Split RayCaster into backend-specific implementations#5510
Conversation
There was a problem hiding this comment.
🤖 Isaac Lab Review Bot
Summary
This PR refactors RayCaster and RayCasterCamera into backend-agnostic base classes (BaseRayCaster, BaseRayCasterCamera) with PhysX and Newton-specific implementations. The core motivation is to fix a staleness regression from #5179 where sensors parented under rigid bodies returned their spawn-time pose forever during headless training. The PhysX backend now tracks the parent rigid body directly via RigidObjectView instead of going through FabricFrameView. The implementation is architecturally sound and follows the established pattern used by Pva, FrameTransformer, and ContactSensor.
Architecture Impact
Cross-module impact is significant but well-contained:
RayCasterandRayCasterCamerabecomeFactoryBaseshims dispatching to backend-specific implementationsMultiMeshRayCasterandMultiMeshRayCasterCamerare-parent ontoBaseRayCaster/BaseRayCasterCamerabut retainFrameView-backed tracking (documented as xfail)- New packages:
isaaclab_physx.sensors.ray_casterandisaaclab_newton.sensors.ray_caster - All existing user-facing APIs remain unchanged; cfg surface is preserved
What calls the changed code:
- Any RL environment using height-scan observations via
RayCaster - Camera sensors using
RayCasterCamerafor fast depth rendering - Task configs referencing
RayCasterCfgorRayCasterCameraCfg
Implementation Verdict
Minor fixes needed — The core architecture is correct and the bug fix is validated by comprehensive tests. However, there are a few issues that should be addressed.
Test Coverage
Strong overall. The PR adds:
test_sensor_pose_tracks_falling_rigid_parentcovering all four sensor variants with xfail for MultiMesh- Alignment mode tests (
world,base,yaw) - Drift resampling test
- Integration tests for ArticulationView/RigidBodyView paths
Minor gap: No explicit test for the Newton backend's static-parent path (_is_static_parent=True), though the PhysX static path is implicitly tested.
CI Status
No CI checks available yet — cannot verify test pass status.
Findings
🔴 Critical: source/isaaclab_newton/isaaclab_newton/sensors/ray_caster/ray_caster.py:162 — Missing re-registration of world-origin site in _invalidate_body_tracker
The _invalidate_body_tracker method only re-registers sites via self._register_body_tracker() for non-static parents. However, _register_body_tracker registers both _world_origin_label and _site_label. On STOP→reinit, the docstring claims sites survive close/reinit, but NewtonManager.close() clears _cl_pending_sites. If _site_args_cached is True but the site labels are stale, the subsequent _initialize_body_tracker will fail when looking up labels in site_map.

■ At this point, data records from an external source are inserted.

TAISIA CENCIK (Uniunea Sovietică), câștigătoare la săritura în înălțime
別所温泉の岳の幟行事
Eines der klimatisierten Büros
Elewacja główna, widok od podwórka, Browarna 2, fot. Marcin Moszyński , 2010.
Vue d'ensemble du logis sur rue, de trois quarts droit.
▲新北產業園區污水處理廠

def _invalidate_body_tracker(self) -> None:
self._newton_transforms = None
self._sensor_index = None
if not self._is_static_parent:
self._register_body_tracker() # Only re-registers if not staticThe logic seems correct for the rigid-body branch, but verify that _site_args_cached=True doesn't prevent re-registration when sites were actually cleared.
🟡 Warning: source/isaaclab/isaaclab/sensors/ray_caster/base_ray_caster.py:366-368 — _zero_data_buffers calls .zero_() on warp arrays via attributes
The method calls .zero_() on self._data._pos_w, self._data._quat_w, and self._data._ray_hits_w. These are wp.array objects, and while wp.array has a zero_() method, this pattern differs from the rest of the codebase which typically uses wp.launch with fill kernels for masked zeroing. If the physics event fires mid-step, this could race with kernel writes.

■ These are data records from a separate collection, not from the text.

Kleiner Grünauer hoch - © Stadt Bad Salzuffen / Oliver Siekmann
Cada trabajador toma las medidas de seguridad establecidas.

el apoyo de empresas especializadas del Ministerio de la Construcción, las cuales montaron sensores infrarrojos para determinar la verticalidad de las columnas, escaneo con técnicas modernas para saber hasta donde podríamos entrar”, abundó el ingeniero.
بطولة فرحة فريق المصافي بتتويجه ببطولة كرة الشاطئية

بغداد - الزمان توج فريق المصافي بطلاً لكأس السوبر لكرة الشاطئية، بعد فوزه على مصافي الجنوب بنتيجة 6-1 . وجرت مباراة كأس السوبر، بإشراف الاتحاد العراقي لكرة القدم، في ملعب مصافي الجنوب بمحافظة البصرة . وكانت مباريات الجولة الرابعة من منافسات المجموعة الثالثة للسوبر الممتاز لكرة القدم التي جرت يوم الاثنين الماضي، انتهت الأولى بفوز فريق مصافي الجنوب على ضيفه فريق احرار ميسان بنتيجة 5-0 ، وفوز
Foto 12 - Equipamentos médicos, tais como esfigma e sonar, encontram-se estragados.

def _zero_data_buffers(self) -> None:
self._data._pos_w.zero_()
self._data._quat_w.zero_()
self._data._ray_hits_w.zero_()🟡 Warning: source/isaaclab/isaaclab/sensors/ray_caster/base_ray_caster_camera.py:152-153 — reset clones poses before combine_frame_transforms but indices may be tensor
pos_w, quat_w = self._get_sensor_world_poses(env_ids)
pos_w, quat_w = math_utils.combine_frame_transforms(
pos_w.clone(), quat_w.clone(), self._offset_pos[env_ids], self._offset_quat[env_ids]

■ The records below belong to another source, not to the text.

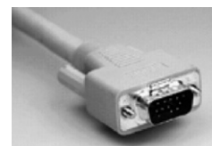
接続ケーブル側（オス）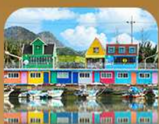
ท่าเรือจันเนิม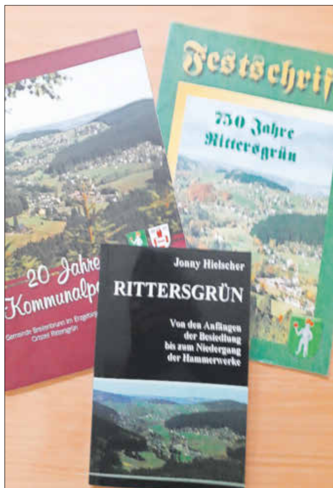
Das Taubenfelsmotiv wurde und wird stets gerne bei Publikationen verwendet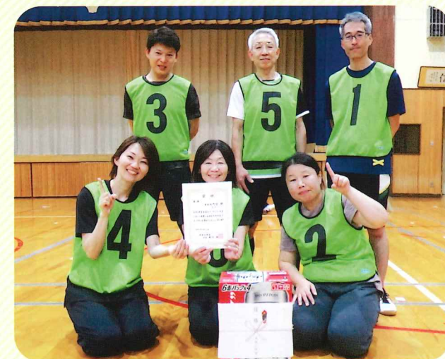
優勝 西町会Aチーム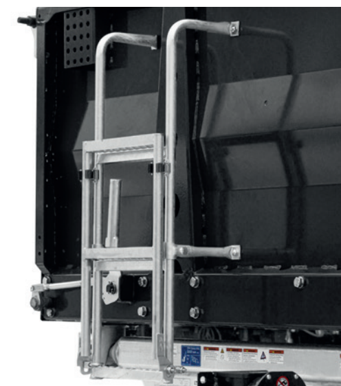
Aufstiegsleiter an Stirnwand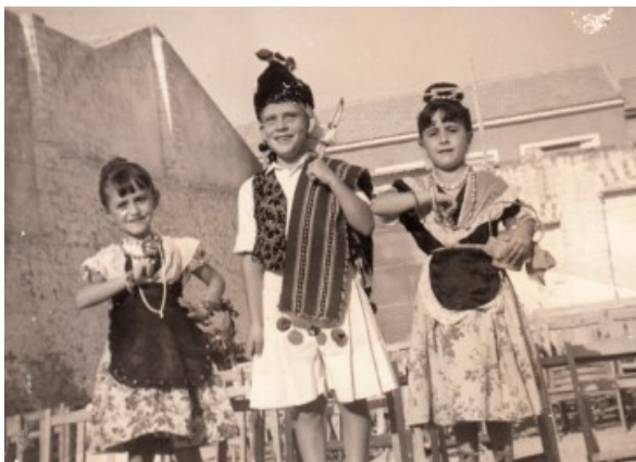
Tres Maseros damunt les cadires del cine d'estiu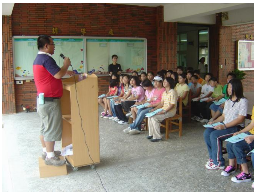
說明： 新生訓練說明資源回收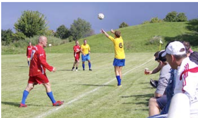
100 let od založení SK Žatčany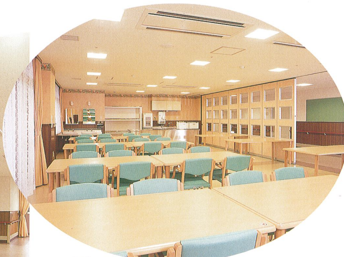
食堂 食事は管理栄養士、調理師によって充実した献立をご用意しております。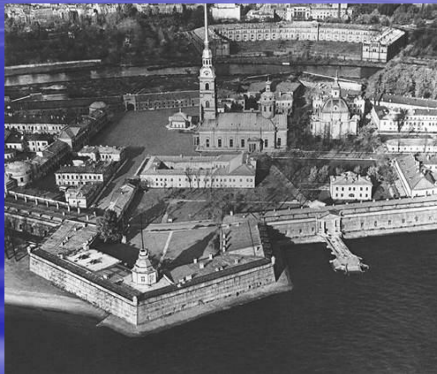
Петропавловская крепость, Нарышкинский бастион и Коммандантская пристань

Работа по строительству дерево-земляной крепости руководил А. Д. Меншиков. За возведением каждого из шести бастионов царь приказал следить своим сподвижникам и приближённым. Один из бастионов, юго-восточный, назван в честь самого царя, а другие бастионы до сих пор носят имена его сподвижников: Нарышкинский (с 1726 г. - Екатерининский), Трубецкой, Зотов, Головкин (с 1730 г. - Аннинский), Меншиков (с 1729 г. - Петровский).

)When env_ids is a tensor, self._offset_pos[env_ids] and self._offset_quat[env_ids] return views. This is fine, but the .clone() calls suggest concern about in-place modification. The combine function doesn't modify inputs in-place, so the clones are defensive but unnecessary overhead.
🟡 Warning: source/isaaclab_physx/isaaclab_physx/sensors/ray_caster/ray_caster.py:93-96 — Offset composition mutates warp-backed torch views in-place
if self._fixed_pos_b is not None:
offset_pos = wp.to_torch(self._offset_pos_wp)
offset_quat = wp.to_torch(self._offset_quat_wp)
cur_pos, cur_quat = offset_pos.clone(), offset_quat.clone()
offset_pos[:] = self._fixed_pos_b + math_utils.quat_apply(self._fixed_quat_b, cur_pos)
offset_quat[:] = math_utils.quat_mul(self._fixed_quat_b, cur_quat)This correctly clones before reading to avoid self-aliasing, but the composition formula new_offset = T_body_to_xform * existing_offset assumes the existing offset is identity for the base RayCaster case. The camera path writes cfg.offset into these buffers in _initialize_rays_impl before _initialize_body_tracker runs. Verify that the camera's _initialize_rays_impl runs before _initialize_body_tracker in the MRO chain — it does, per line 135-137 in base_ray_caster.py.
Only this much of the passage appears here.